GPU benchmark NAMD runs faster on VM than navie execution

Hi all,

I am currently studying how the GPU benchmark performance can be affected by CPU-bound benchmark if they are collocated together. A weird observation I got is that one benchmark, NAMD CUDA, can actually run faster on VM than native execution under the same interference from the CPU-bound co-runner.

Here are my experiment settings:

Native: UBUNTU 18.04.2 LTS, 16 cores@2.00GHz, 1 NVIDIA Tesla P100 PCIe 16GB GPU, both NAMD and CPU-bound benchmark launch 16 threads and run simultaneously on the machine.

VM: Built on the same native machine above, VMM is KVM, two VMs are created and both use UBUNTU 18.04.2 LTS
       VM1 (runs NAMD) – 16 VCPUs (one-on-one pinned on cores), 1 NVIDIA Tesla P100 PCIe 16GB GPU (using Direct-Passthrough)
       VM2 (runs CPU-bound benchmark) – 16 VCPUs (one-on-one pinned on cores)
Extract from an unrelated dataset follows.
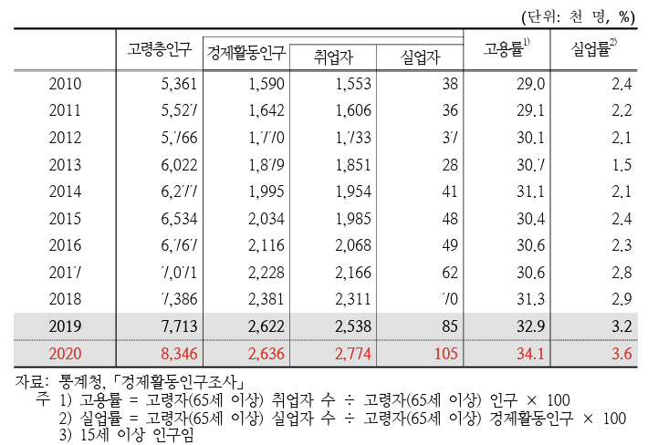 • 통계청(2021)의 자료에 따르면 우리나라 65세 이상 노인의 고용률은 평균 34.1%로 OECD 평균(14.9%)에 비해 2배 이상 높은 수준으로 OECD에서 한국은 2위로 높은 것 으로 나타났다.
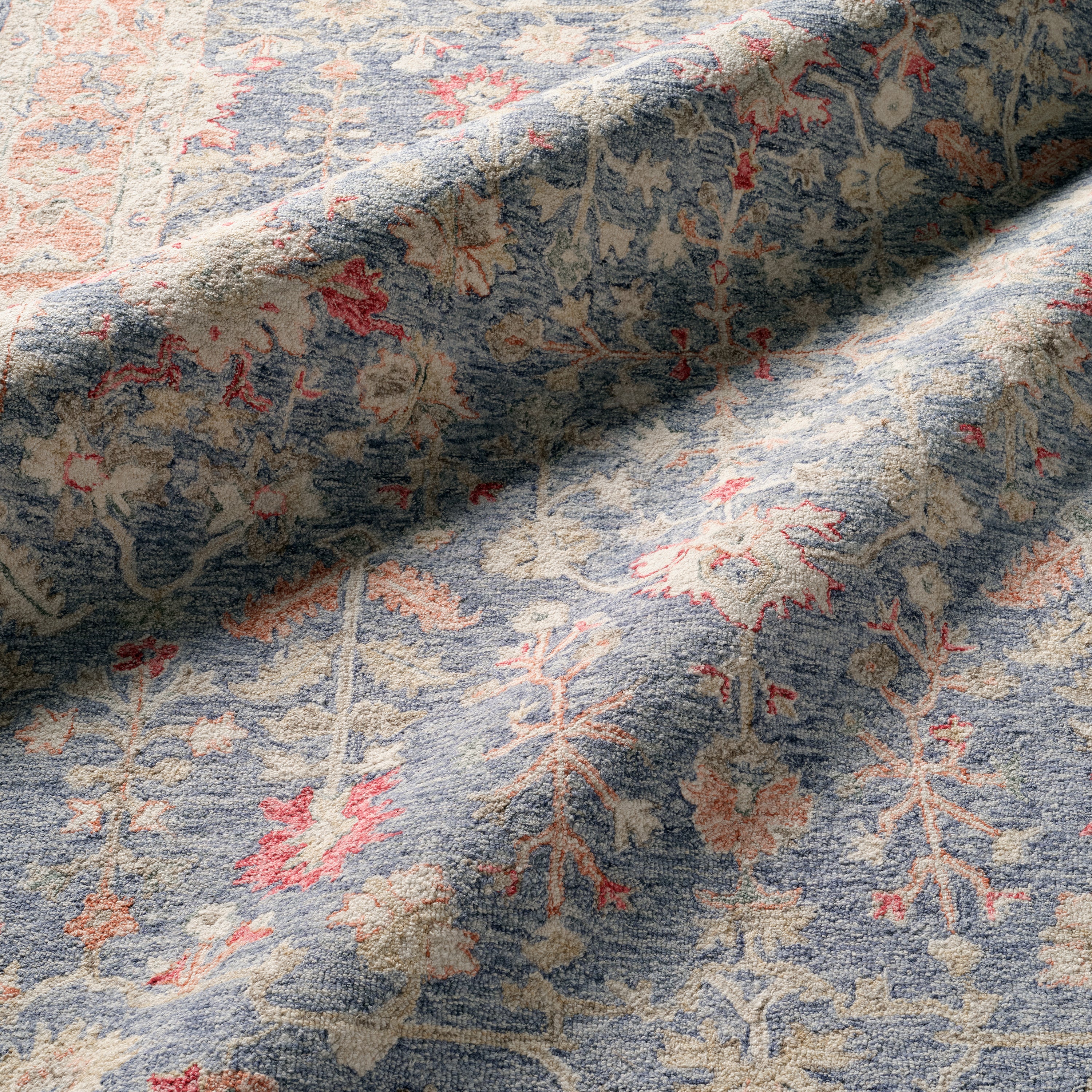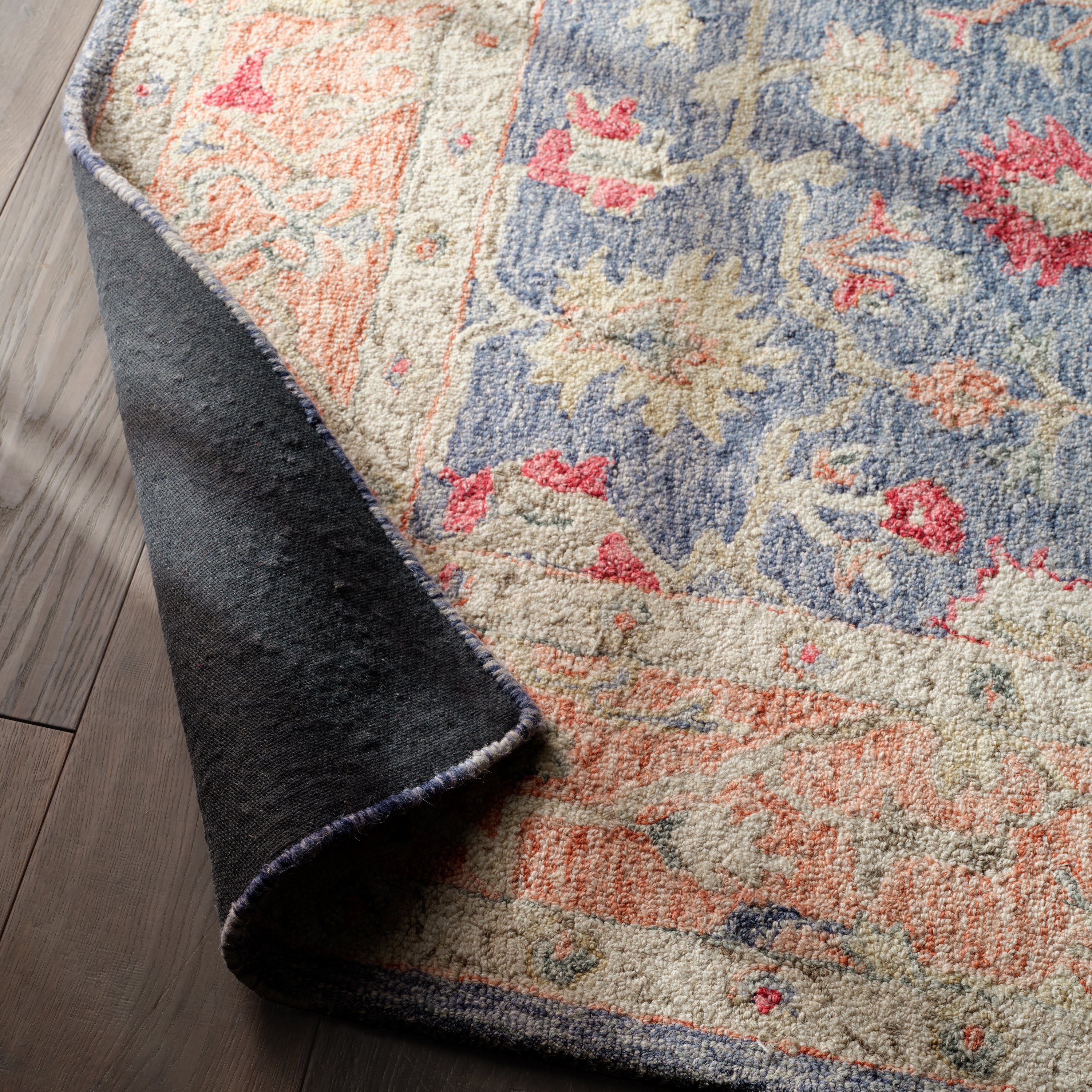 The hand-tufted Province collection is an inviting assortment of transitional colorways and classic designs. Inspired by Arts and Crafts floral motifs, the Presley area rug boasts a detailed Oushak pattern in faded blue, red, and orange hues. Crafted of durable wool, the looped pile provides a wonderfully cushioned feel underfoot.

The command to run NAMD is ./namd2 +p 16 +devices 0  apoa1/apoa1.namd
The co-running CPU-bound program uses 1600% of CPU if it is running alone on the native machine or the VM.

Here is the result (run time and GPU utilization of NAMD):
Native: 
          Execution time: 85.1 seconds
          GPU utilization: 21.5%
VM:
          Execution time: 69.5 seconds
          GPU utilization: 29.0%

The native execution of NAMD under the interference from the CPU-bound program has a higher execution time and lower GPU utilization which is contradicting theoretical beliefs. Do you know what could be the problem or how I can analyze this observation with more experiments?

Do you have an Xserver running on the gpu in both cases? If not, nvidia-persistenced started?

@generix

I don’t have an Xserver running on the GPU in either case.

Also, nvidia-persistenced is off for the GPU in both cases. Do you suggest I start it?

@generix

I just rechecked and in the VM the nvidia-persistenced is started but in the native machine the nvidia-persistenced has failed to start. This is the output when I check the status in the native machine:

sudo systemctl status nvidia-persistenced
● nvidia-persistenced.service - NVIDIA Persistence Daemon
Loaded: loaded (/lib/systemd/system/nvidia-persistenced.service; enabled; vendor preset: enabled)
Active: failed (Result: exit-code) since Tue 2019-11-12 13:58:50 EST; 14min ago
Process: 2291 ExecStopPost=/bin/rm -rf /var/run/nvidia-persistenced (code=exited, status=0/SUCCESS)
Process: 2240 ExecStart=/usr/bin/nvidia-persistenced --user nvidia-persistenced --no-persistence-mode --verbose (code=exited, status=1/FAILURE)

Nov 12 13:58:50 Jupiter nvidia-persistenced[2241]: Started (2241)
Nov 12 13:58:50 Jupiter nvidia-persistenced[2241]: Failed to open libnvidia-cfg.so.1: libnvidia-cfg.so.1: cannot open shared object file: No such file or directory
Nov 12 13:58:50 Jupiter nvidia-persistenced[2240]: nvidia-persistenced failed to initialize. Check syslog for more details.
Nov 12 13:58:50 Jupiter nvidia-persistenced[2241]: PID file unlocked.
Nov 12 13:58:50 Jupiter nvidia-persistenced[2241]: PID file closed.
Nov 12 13:58:50 Jupiter nvidia-persistenced[2241]: The daemon no longer has permission to remove its runtime data directory /var/run/nvidia-persistenced
Nov 12 13:58:50 Jupiter nvidia-persistenced[2241]: Shutdown (2241)
Nov 12 13:58:50 Jupiter systemd[1]: nvidia-persistenced.service: Control process exited, code=exited status=1
Nov 12 13:58:50 Jupiter systemd[1]: nvidia-persistenced.service: Failed with result ‘exit-code’.
Nov 12 13:58:50 Jupiter systemd[1]: Failed to start NVIDIA Persistence Daemon.

When running without X, nvidia-persistenced has to be running, otherwise malfunction and lowered performance is to be expected. Please fix the driver install on the native system, then rerun the benchmark.

@generix

I fixed the driver install on the native machine and nvidia-persistenced is running as it should BUT I am still getting the same problem that I stated in the question. Do you have any other thoughts?

Not really. Maybe some interference from smt?

@generix

The smt is turned off for our machine.

The machine layout has 4 sockets with 20 cores each and for this experiment we are only using 16 cores from 1 socket.

Looking at your test setup, you either run both (cpu/gpu) tasks on different VMs or in parallel on the same native host. So I’d suspect a difference between the distribution of cpu time to vcpus vs. the normal cpu scheduler.